There are a couple of things you can do to improve your computation:
Improve parallelism
As Nithish mentioned in the comments, you don't have enough partitions in your input data frames to make use of all your CPU cores. You're not using all your CPU capability and this will slow you down.
To increase your parallelism, repartition dfc to at least your number of cores:
dfc = dfc.repartition(dfc.sql_ctx.sparkContext.defaultParallelism)
You need to do this because your crossJoin is run as a BroadcastNestedLoopJoin which doesn't reshuffle your large input dataframe.
Separate your computation stages
A Spark dataframe/RDD is conceptually just a directed action graph (DAG) of operations to run on your input data but it does not hold data. One consequence of this behavior is that, by default, you'll rerun your computations as many times as you reuse your dataframe.
In your fuzzy_match_approve function, you run 2 separate filters on your df, this means you rerun the whole cross-join operations twice. You really don't want this !
One easy way to avoid this is to use cache() on your fuzzy_match result which should be fairly small given your inputs and matching criteria.
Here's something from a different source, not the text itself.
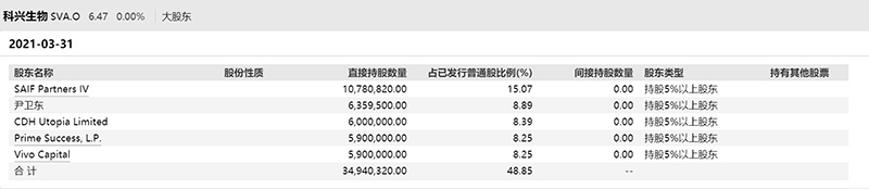 根据公开数据,科兴控股的注册地位于加勒比海的安提瓜岛,大股东中除尹卫东持股8.89%以外,公司第一大股东赛富亚洲基金、第三大股东永恩资本、第四大股东维梧资本、第五大股东第一环球基本合伙有限公司等多家股东均为外资。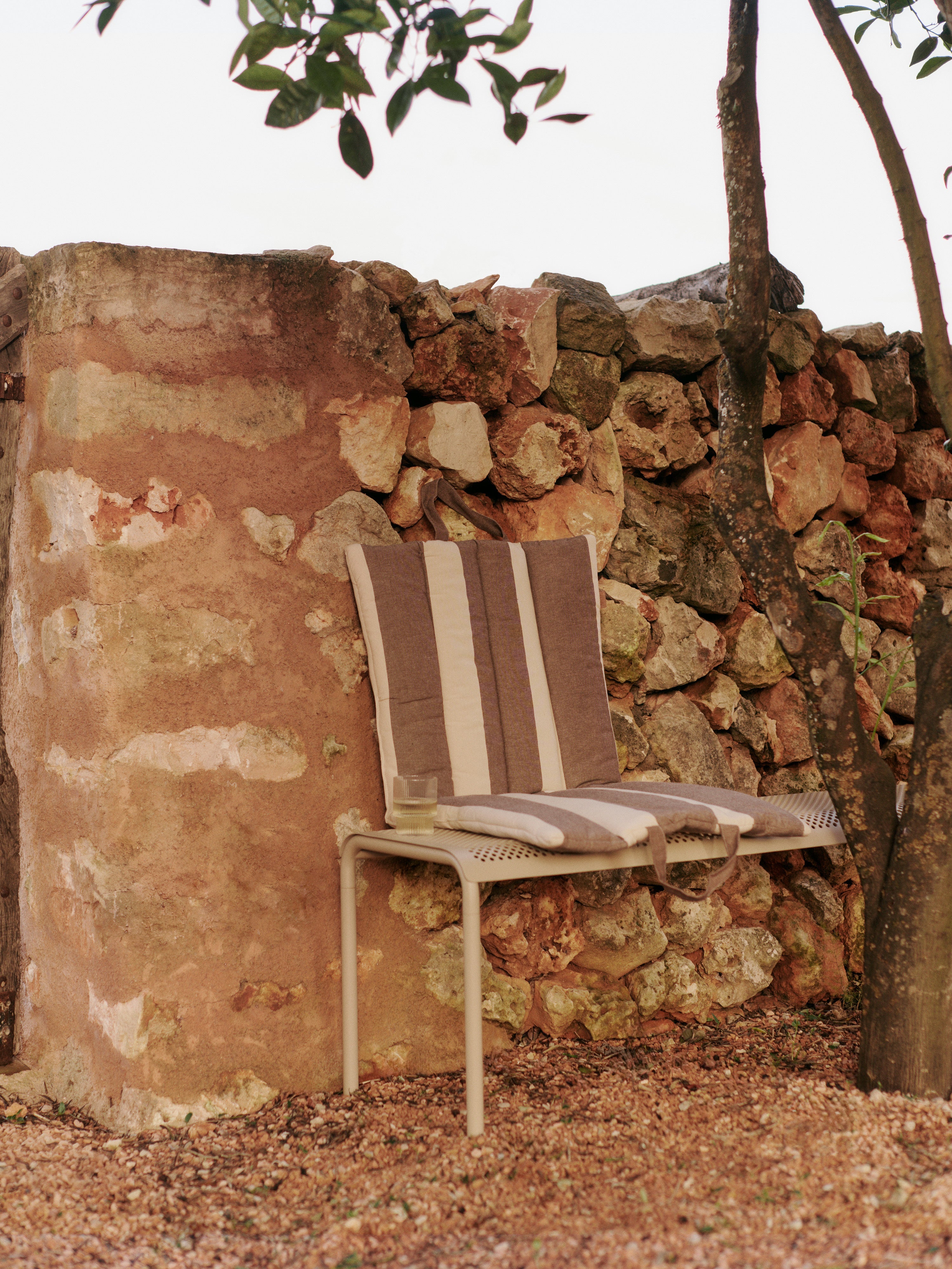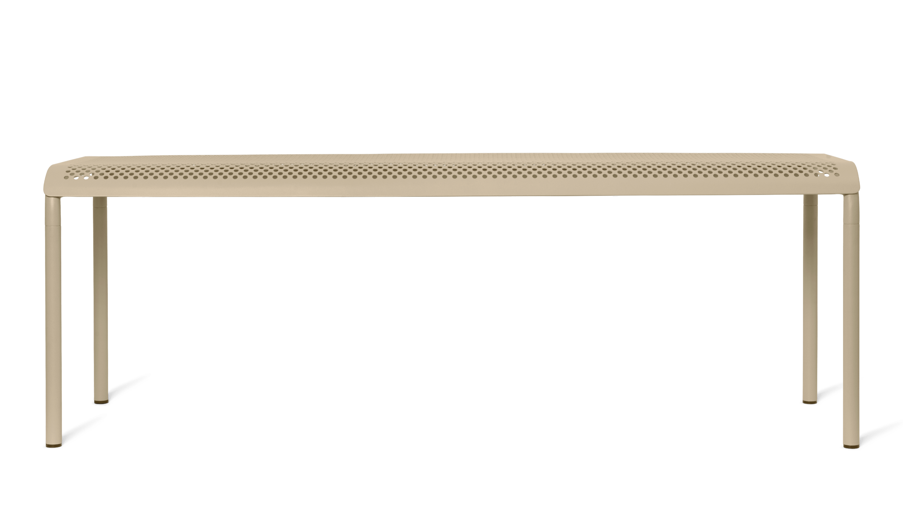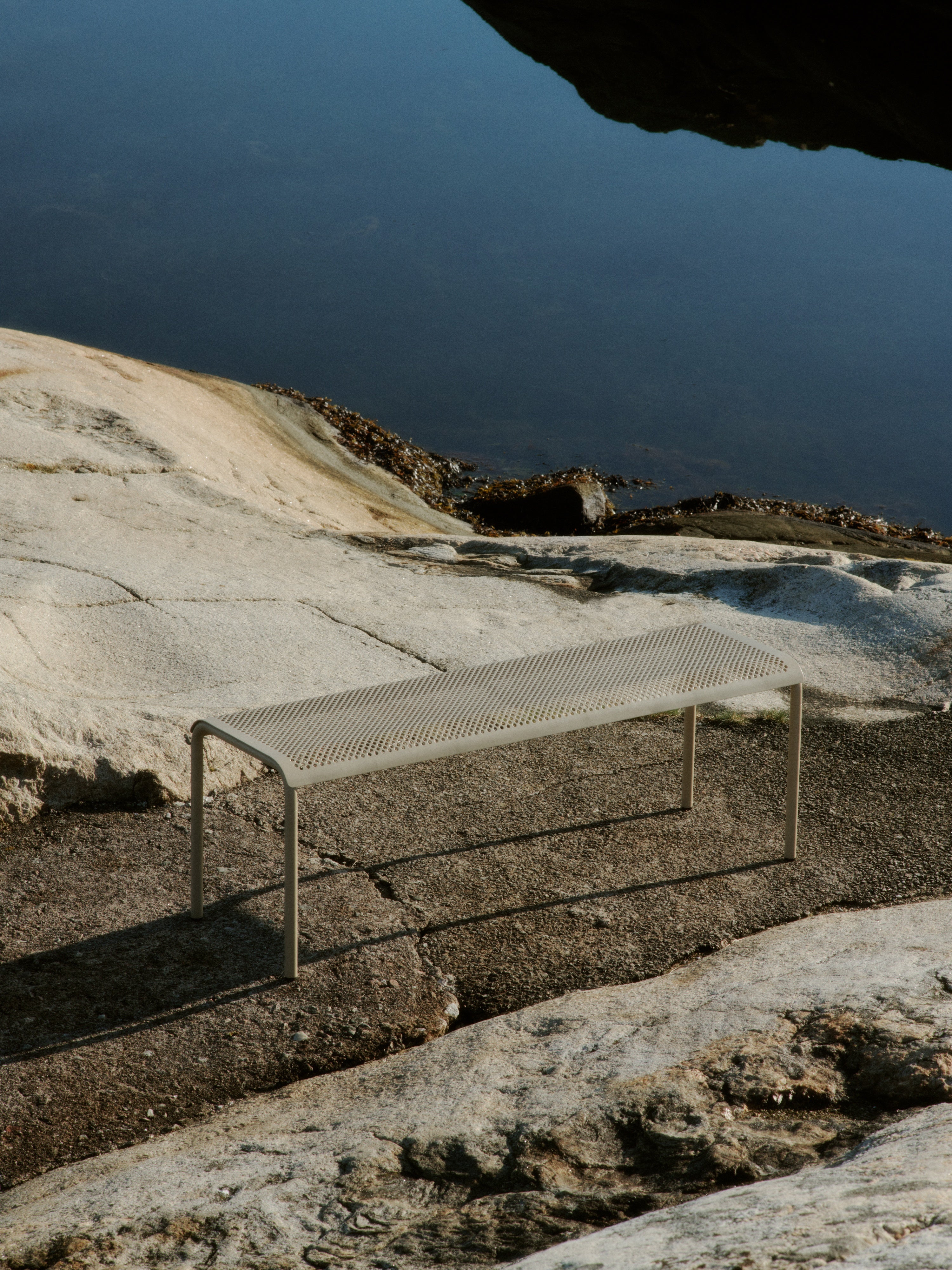 Bench Dapple draws inspiration from the gentle light filtering through leaves – its airy structure and subtle perforation bring tranquility and a natural rhythm to the space. Made of galvanized steel and powder-coated, it is perfect for the terrace, balcony, or garden, offering durability and resistance to weather conditions.

def fuzzy_match_running(dfs, dfc, path_summary):
"""
Implements the Levenshtein and Soundex algorithms and returns a fuzzy matched DataFrame.
Filters out those where resulting LS distance is less than 15% of SF name length.
"""
# Apply Levenshtein and Soundex functions
dfs = dfs.withColumn("OrganisationNameKeyLen", F.length("OrganisationNameKey")).cache()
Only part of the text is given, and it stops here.